Based on Table 5, generally, the maximum and average values of the PGA based on D-vine copula are greater than the original PGA values, especially for the last three areas farther from the epicenter. This indicates that ground motions in areas far from the epicenter are likely to be affected by ground motions in areas closer to the epicenter. In addition, modeling using the D-vine copula also provides a more varied PGA value indicated by a larger standard deviation value and a wider range of minimum and maximum values.

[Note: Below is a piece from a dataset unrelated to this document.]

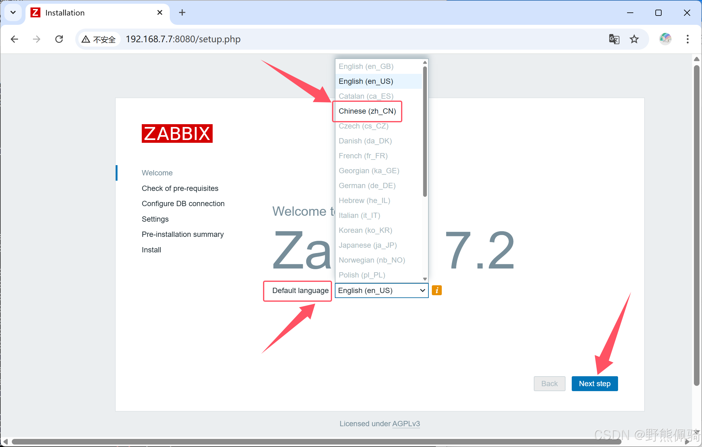 - Default language选择Chinese(zh_CN),点击"下一步"

After obtaining the original and D-vine copula-based PGA, we analyze the results of the empirical and parametric megathrust POE using original and D-vine copula-based PGA, respectively for the seven areas which are provided in Figs. 8 and 9.

Based on the result provided in Figs. 8 and 9, the same POE value corresponds to different values for original and D-vine copula-based PGA. Both POE approaches indicate similar characteristics, which show that the farther an area is from the epicenter, the greater the influence of ground motions in surrounding areas that are located closer to the epicenter. Although the POE values are the same vertically, the PGAs are affected by area dependencies the further they are from the epicenter. As we can see from the graphs, East Jakarta is more affected by the dependencies of neighboring areas than Tangerang. If we take a closer look at the empirical and parametric megathrust POE values, especially in the three areas further from the epicenter, we can see that for the same POE values, the D-vine copula-based PGA has smaller values than the original PGA.

Discussion

Earthquake modeling through the calculation of the peak ground acceleration (PGA) has been carried out by embedding the assumption of dependency on events that cause ground motion for adjacent areas. Unlike the previous similar studies which assumed that the calculation of PGA is univariate because the occurrence of earthquake is independent of time and space domain (Kijko and Sellevoll 1989; Tavakoli and Ghafory-Ashtiany 1999; Ghodrati Amiri et al. 2003; Hamzehloo et al. 2012), we have proven that the occurrence of earthquakes impacting on PGA events to be dependent on the space domain. This is identical to the results of the study conducted by Cheng et al. (2020). Study shows that there are very strong dependencies between the geographically close areas, where dependency measures show a very strong dependency value between these regions, which is above 0.90. First, we obtained univariate PGA values from each study location in Banten Region from 60 epicenters. The results show that the PGA values due to these earthquakes is included in the moderate and strong vibrations, with very light and light potential damage (U.S. Geological Survey 2011). Next, the PGA values were checked for dependence and it was found that areas that were close to each other had a very strong correlation. These areas are Tangerang City, West Jakarta, South Tangerang, South Jakarta, North Jakarta, Central Jakarta, and East Jakarta.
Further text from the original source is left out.